Hi everyone - great to see the thread is growing!
I woke up early this morning (unheard of on a Saturday) and have already stripped the beds, done two machine loads, and lovely washed bedding out on the line in the sunshine, billowing in the breeze.
Thank you @KobeWan for that link last night. I've signed up and already it's making me think in a way I never have before.
As mentioned in previous posts - I've gone for long periods of time - 9 months on one occasion - not drinking, but I ALWAYS go back it. No idea why, because I'm not dependant on it, I don't miss it when I'm not drinking, but I just get these 'fuck it' moments and start up again. And as soon as I do, I'm back to drinking the same levels I was before.

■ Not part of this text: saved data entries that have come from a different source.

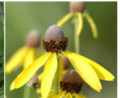
12 Ratibida pinnata

Wild quinine: Greyish green leaves with rough texture. Distinctive flowers resemble cauliflower heads.
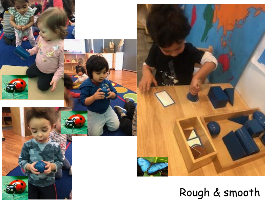
Color Box 1 / Color Box 2

Order, concentration, coordination, and independence.
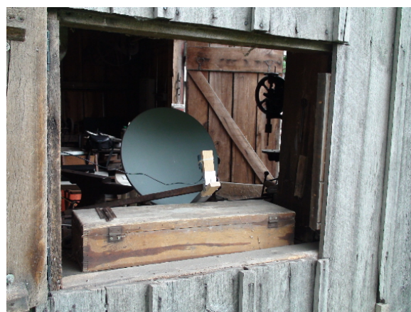
Bob (WB8QW)'s AREDEN node using old satellite TV dish
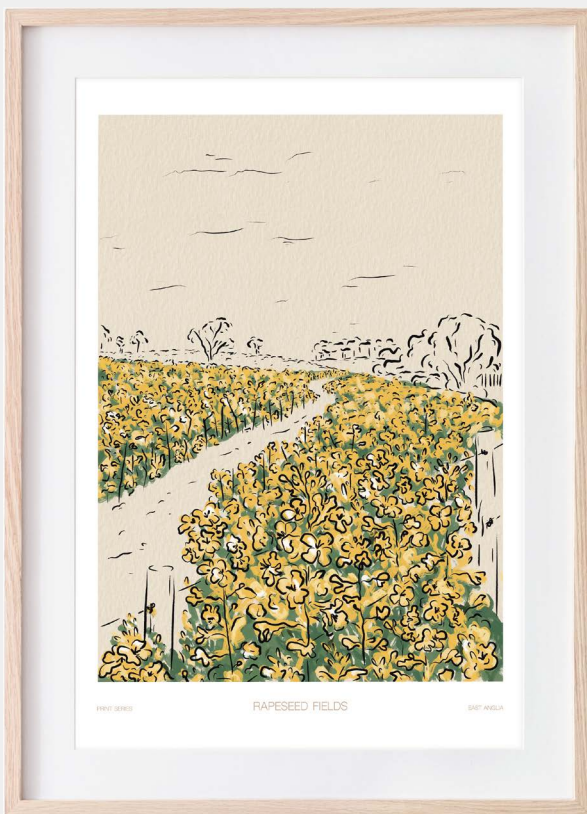
AP15 RAPESEED FIELDS
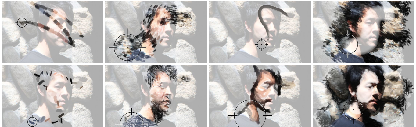
Figure 3. Examples of a single user interaction. Top: Simple tools. Bottom: Smart tools. From left-to-right: Single, Fill, Structure, and Eraser
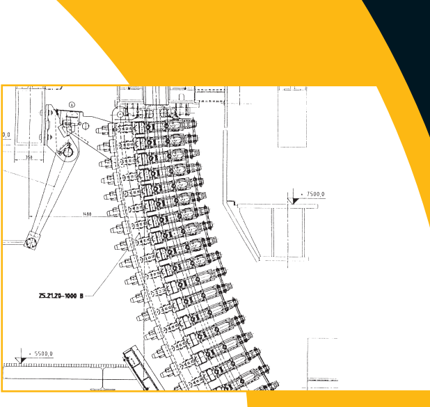
Technical drawing of an extrusion casting line
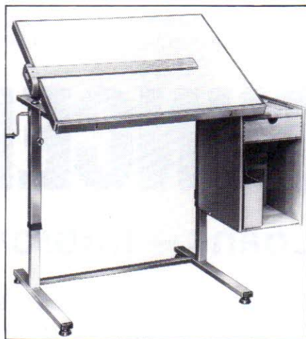
Table top reading stand from Luna AB

Luna AB , Fack, S-441 80 Alingsas, Sweden. Tel: 46 322 730 00.
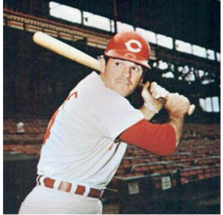
PETE ROSE in a 1972 photo on a baseball card. He was with the Cincinnati Reds then, where he spent most of his major league baseball career.

ity is even more important – and more tightly policed – than ever. Gambling on baseball is still as taboo as it was in 1919.
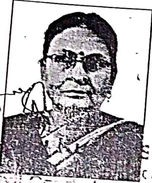
Singh Cate Court, Jamshedpur
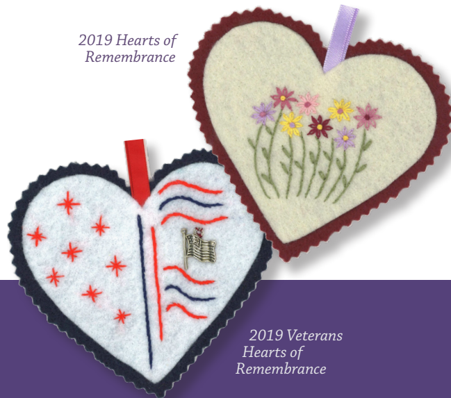
2019 Veterans Hearts of Remembrance
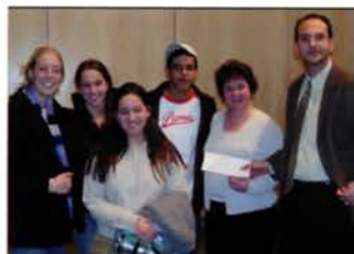
Alternative House, an Upper School community service project, were the beneficiaries of the proceeds raised at this year's holiday pie sale.
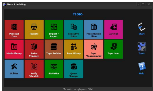
Main Menu 23

The new Etere release shows a complete redesign of it's GUI. The product is now more easy to use and with the best GUI of the market
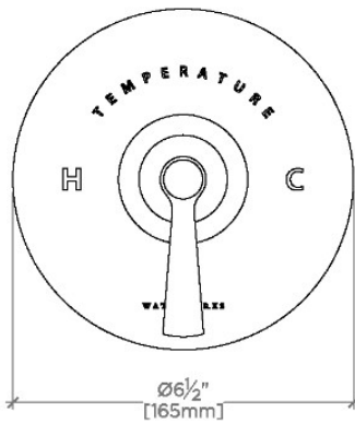
FRONT VIEW SCALE: 3"=1'-0"
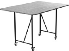
Bamboo Table on Casters width 47.2, depth 31.5, height 29.1"
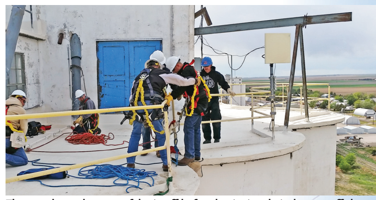
The crew learns how to safely tie off before beginning their descent off the Scott City Co-op elevator.

to a 170-foot tall tower owned by Wheatland Electric. The crew learned how to safely lower a conscious, but injured person, and finally a person who was unconscious, by attaching them to an able climber who could then bring the injured party safely to the ground.
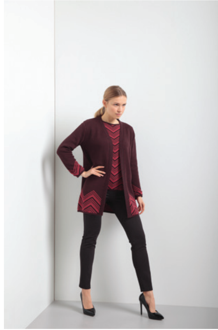
Cardigan 1201 | Maglia-Pull 1199 | Pantalone-Pant 1159
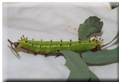
The very hungry caterpillar Emperor Gum moth larvae
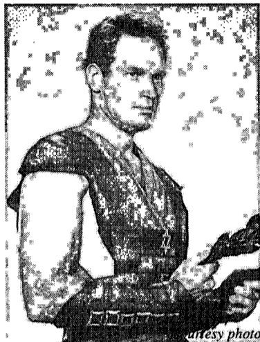
Charleton Heston moderated the college's first anti-gay panel.

Moderated by Chuck Norris and Charleton Heston, Tuesday's homophobic forum in the Union 900 Room proved to be one of the most pleasantly cheuvanistic and single-minded experiences in recent memory.
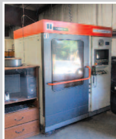
CHARMILLES Wire EDM
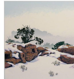
Title: Twelve Months - January (Morning Mist--Tsankawi) Date: 1989 Primary Maker: Kate Krasin Medium: Serigraph

My drinking comprises - two or three nights a week, drinking a bottle and a half - so up to 4.5 bottles a week - at home. I always drink to the point of being pissed - merry, giddy, but not blotto. So I know what I'm doing but I've got the booze buzz. Then I do this whole remedial action thing before bed. Loads of water / herbal tea. Lots of tooth brushing, mouthwash, pre-bed shower maybe, deodorant, perfume, bottles disposed of, glasses washed up - anything to erase the evidence of my drinking. I do this even though I'm single and my grown up kids are often staying over at their partner's places, so I'm not hiding it from anyone else, just myself really. Obviously the water drinking etc. is an attempt to minimise the hangover and although it does to some extent (stops the dehydration mouth and headache) I still feel out of sorts all the next day. So it's two or three days alcohol free and then I do it all again. Rinse, cycle, repeat.
I guess I've never really changed my mindset properly but already, just watching a couple of the Annie Grace videos, a lot of what she is saying is getting through. Maybe this time is really the time I can give up for good?
Anyway, I signed up - 1st August and it's a 30 day challenge so I thought the timing couldn't be better. New month, new start. A month long experiment and see how I feel at the end of it. Ok so I've already got a week AF under my belt, but I'm kind of seeing today as my Day I as far as the 'experiment' is concerned.
Right now, the very last thing I want to do is drink, but I've been here before so many times. I really hope this time can be different.
Apologies for length of post - it turned into a kind of blog, but I guess that's therapeutic. Keep going everyone and have a great day!